## What is expected
All lines from the one containing "Этот топор сделал" through the end of the material are to be given back exactly, without pictures.

## Given data
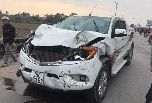 Chiếc xe bán tải đâm hai học sinh lớp 9 trường THCS Đại Hà (huyện Kiến Thụy, Hải Phòng) tử vong rồi bỏ chạy và chỉ dừng lại khi đâm vỡ phần đầu một chiếc taxi...
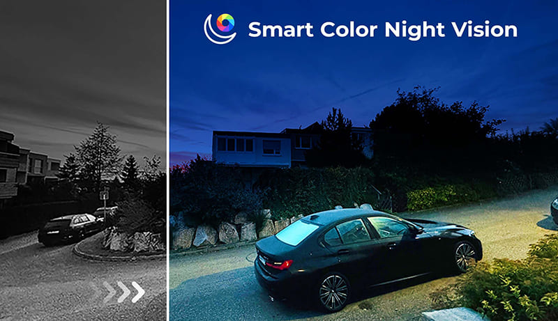 Камера оснащена эффективной системой ночного видения с инфракрасной и белой подсветкой, гарантируя качественную цветную съемку в темное время суток.
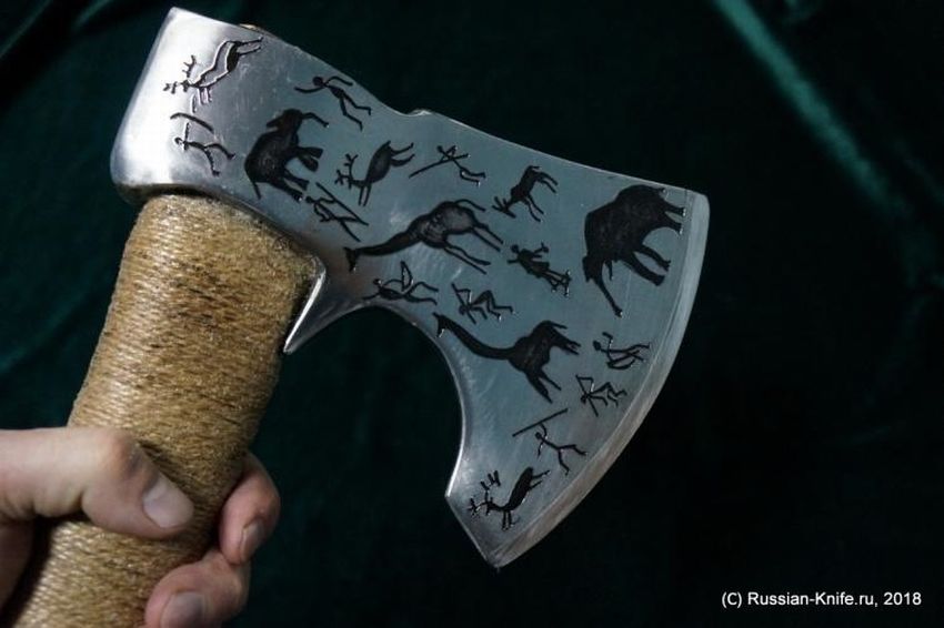 Этот топор сделал один мастер в России своими руками совсем недавно.
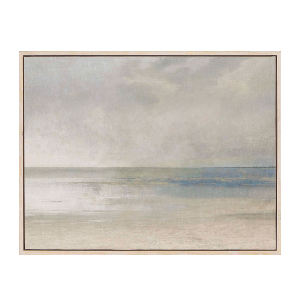 A tranquil seascape is mounted in a whitewash wood floater frame for a chic yet soothing interior.

## Answer to the problem
 Этот топор сделал один мастер в России своими руками совсем недавно.
 A tranquil seascape is mounted in a whitewash wood floater frame for a chic yet soothing interior.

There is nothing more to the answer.